Exact copy, pictures excluded: set down only the lines from the one with "Фото 2. – Занятия" through the end of the entries, keeping both end lines.

==== Data in this exercise

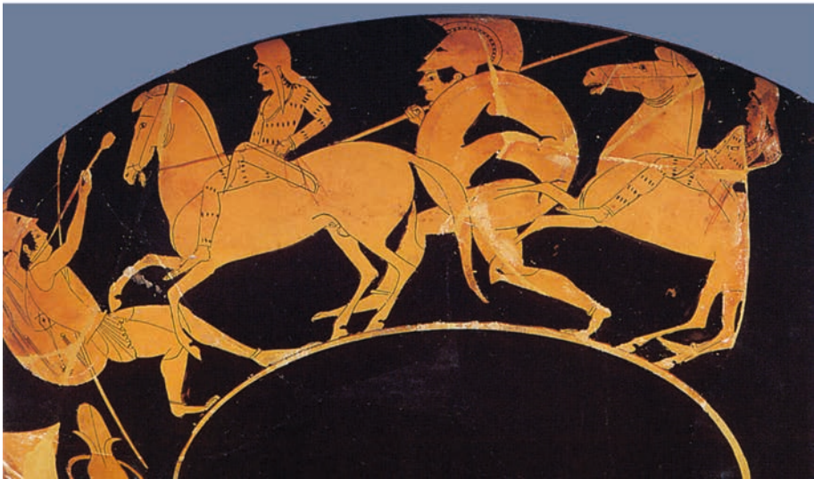
ABBILDUNG 5 Theseus entführt Antiope / Amazonen und Griechen ziehen gemeinsam in den Kampf. Außenseiten einer attisch rotfigurigen Trinkschale um 510 v. Chr. Nach Kauffmann-Samaras 1981, Taf. 684,9 und Vickers 1999, 31.
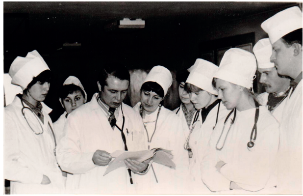
Фото 2. – Занятия со студентами IV курса лечебного факультета, 1985 г.

В 1999 г. защитил докторскую диссертацию «Витаминокоррекция стресса в клинике вну-
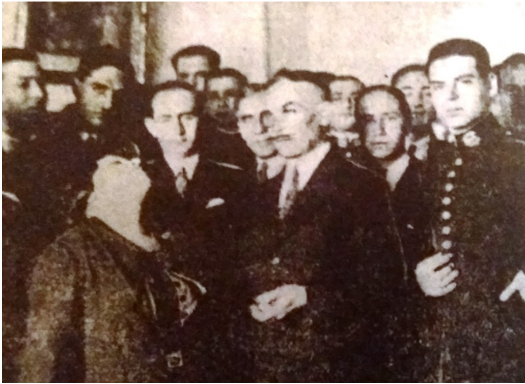
Documents d'archive relatifs aux expériences télépathiques dirigées par Tanagras
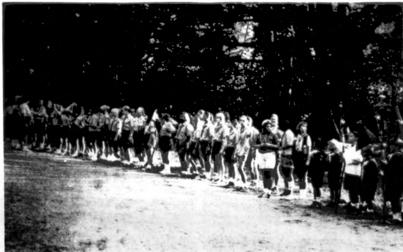
Rako stovykloje rikiuojamės vėliavų nuleidimui.
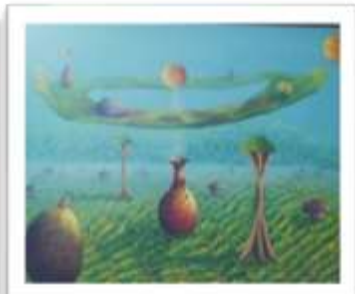
OBR-010764 AUTOR: HECTOR REYNOSO RD$10,000.00

========

## Exercise output
Фото 2. – Занятия со студентами IV курса лечебного факультета, 1985 г.

В 1999 г. защитил докторскую диссертацию «Витаминокоррекция стресса в клинике вну-
Documents d'archive relatifs aux expériences télépathiques dirigées par Tanagras
Rako stovykloje rikiuojamės vėliavų nuleidimui.
OBR-010764 AUTOR: HECTOR REYNOSO RD$10,000.00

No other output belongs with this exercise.